The current workaround requires VMMs to pin vCPUs to a set of pCPUs
that share a compatible PMU. This is difficult to implement correctly in
QEMU/libvirt, where pinning occurs after vCPU initialization, and it
also restricts the guest to a subset of available pCPUs.

Introduce the KVM_ARM_VCPU_PMU_V3_FIXED_COUNTERS_ONLY attribute to
create a "fixed-counters-only" PMU. When set, KVM exposes a PMU that is
compatible with all pCPUs but that does not support programmable
event counters which may have different feature sets on different PMUs.

This allows Windows guests to run reliably on heterogeneous systems
without crashing, even without vCPU pinning, and enables VMMs to
schedule vCPUs across all available pCPUs, making full use of the host
hardware.

Much like KVM_ARM_VCPU_PMU_V3_IRQ and other read-write attributes, this
attribute provides a getter that facilitates kernel and userspace
debugging/testing.

OK, so that's the sales pitch. But how is it implemented? I would like
to be able to read a high-level description of the implementation
trade-offs.

Implementation-wise it is very trivial. Essentially the following
addition in kvm_arm_pmu_v3_get_attr() is the entire implementation:
+       case KVM_ARM_VCPU_PMU_V3_FIXED_COUNTERS_ONLY:
+               if (test_bit(KVM_ARCH_FLAG_PMU_V3_FIXED_COUNTERS_ONLY,
&vcpu->kvm->arch.flags))
+                       return 0;

Both its functionality and code complexity is trivial. So we can argue that:
- the functionality is too trivial to be useful or
- the interface/implementation complexity is so trivial that it does not
    incur maintenance burden

In this case the selftest uses the getter so I was more inclined to
have it, but adding one just for the selftest sounds too ad-hoc, so
here I looked into other attributes to ensure that it was not
introducing inconsistency with existing interfaces.

As the result, I found there are other read-write attributes; in fact
there are more read-write attributes than write-only ones.

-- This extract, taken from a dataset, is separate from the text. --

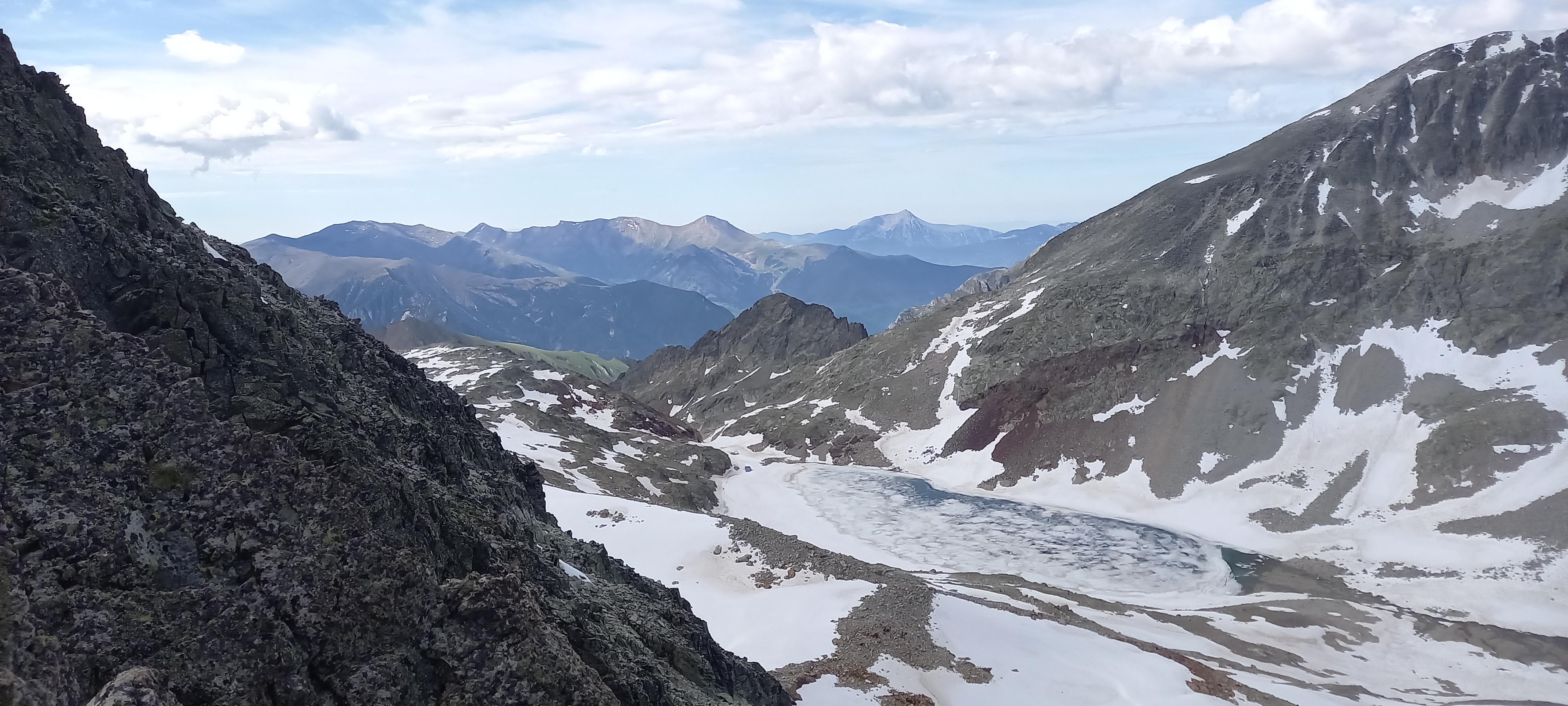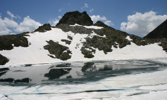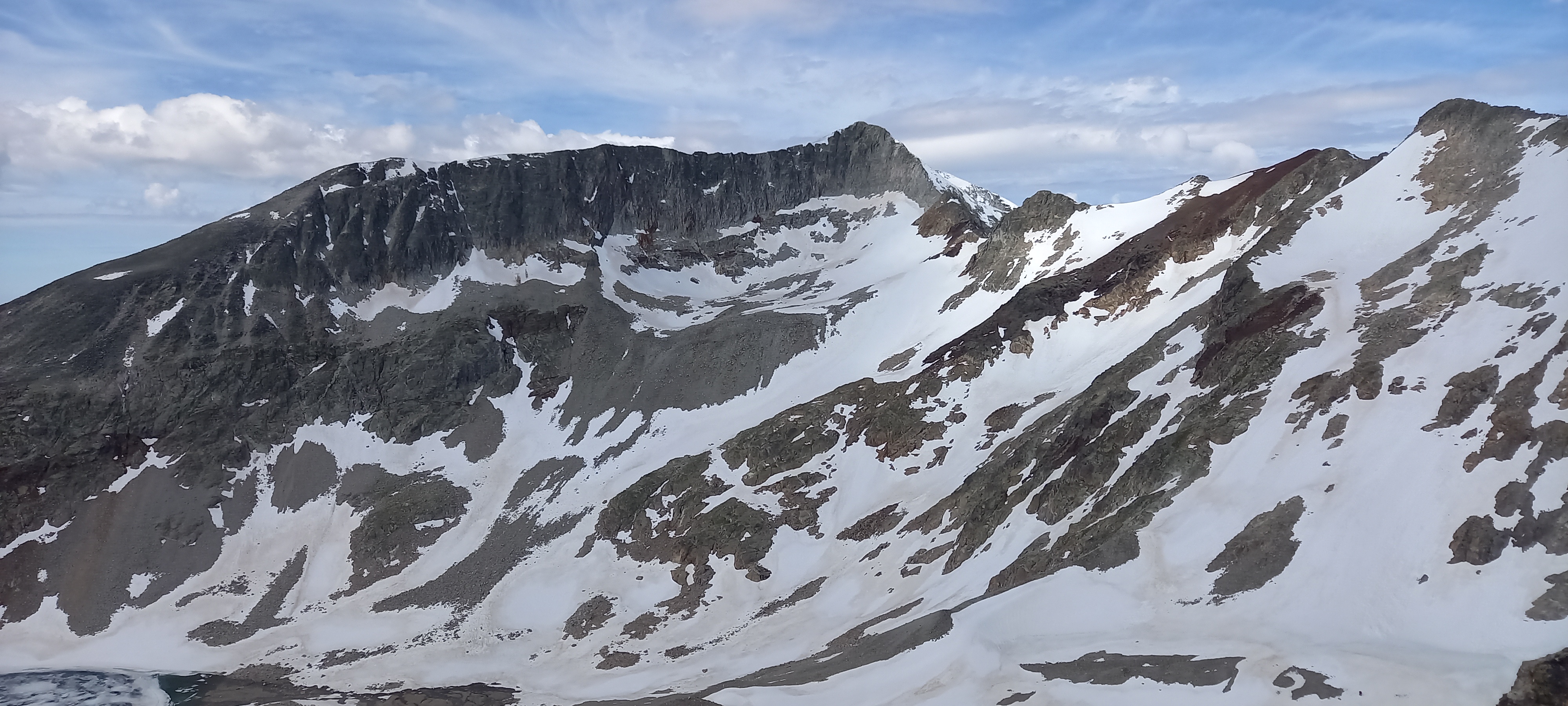 Le temps est maussade et nuageux. Deux ascensions sont donc déprogrammées (Seil de la Baque et les Spigeoles. La journée débute par la Tusse de Montarqué gravie avec le groupe « Escalade » (qui ne sont plus que 4). Ensuite le lac glacé sous les Gourgs Blancs, puis on passe sous le Gourdon et les Spigeoles, enfin descente vers « Saussat » pour arriver au refuge d’Espingo.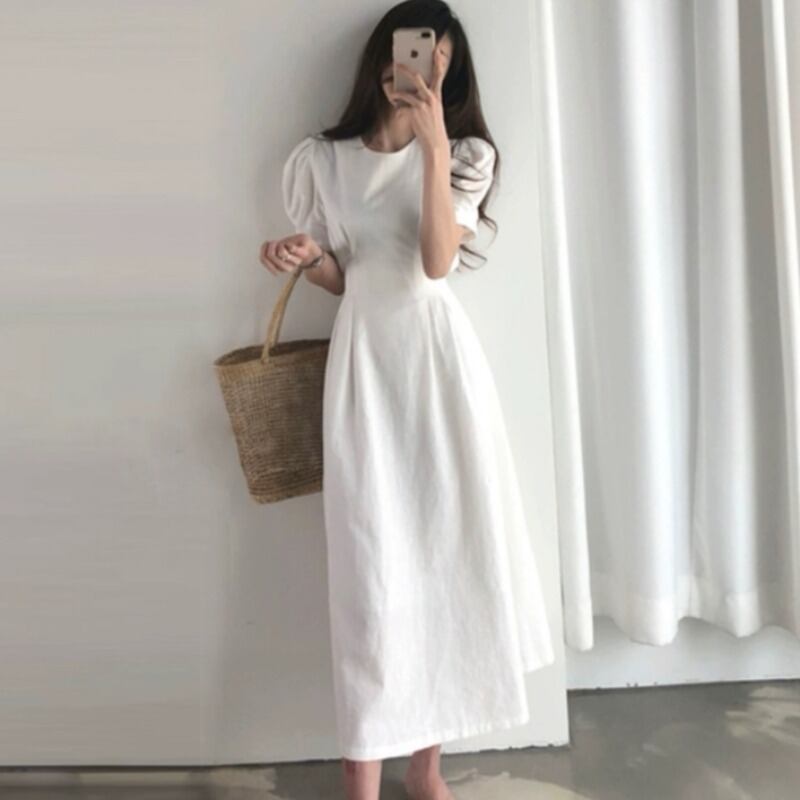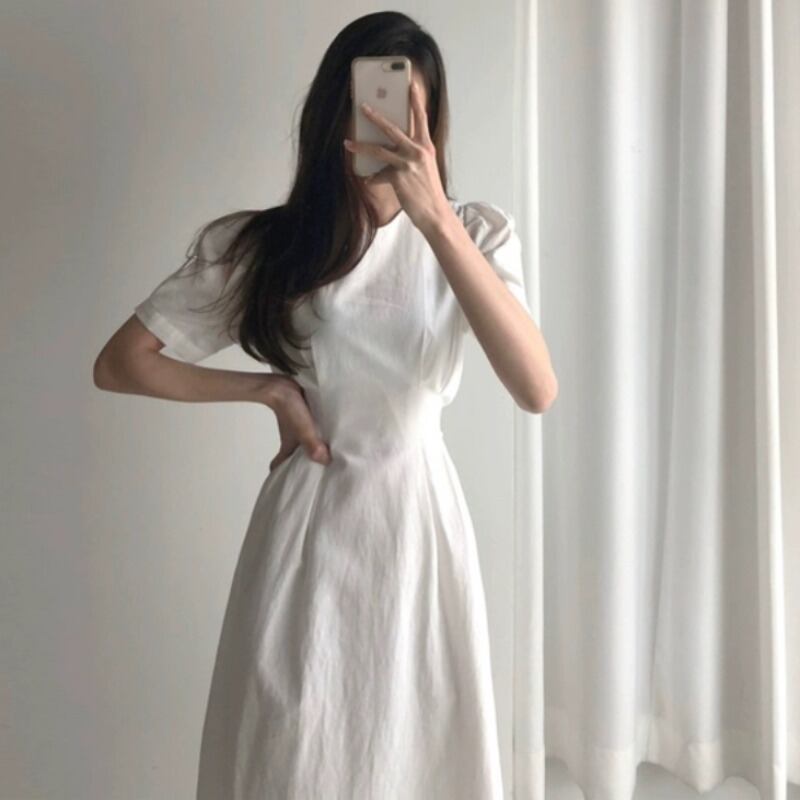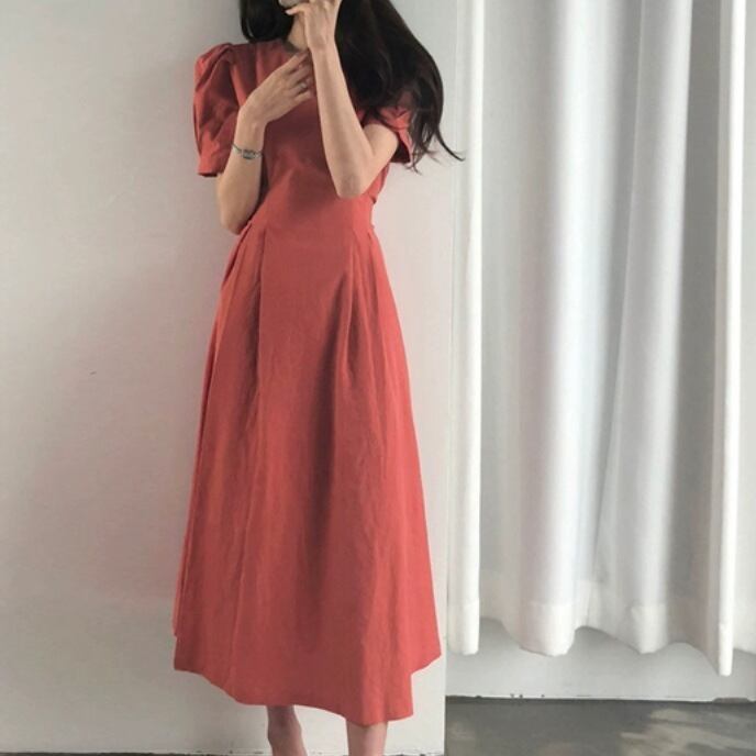 ワンピース 上着 人気 おすすめ おしゃれ お洒落 激安 安い 送料無料 プチプラ 半袖 膝下 ハイウエスト くびれ ラウンドネック 丸首 無地 可愛い かわいい 韓国 シンプル カジュアル きれいめ 春 スプリング サマー 夏 レディース 女性用 20代 30代 S M L XL 2XL 白 ホワイト 赤 レッド くすみカラー 大人カラー 春カラー デート フェミニン カジュアル スリム バックリボン ナチュラル

You're completely missing the point. I'm referring to the whole of the
commit message, which is more of a marketing slide than a technical
description.

In terms of implementation, the obvious tradeoff is that it adds more
code to implement the feature. One thing to note is that
kvm_vcpu_load_pmu() is added and is called each time a vCPU migrates
across pCPUs. The heavy part, making the KVM_REQ_RELOAD_PMU request,
only happens when the feature is enabled.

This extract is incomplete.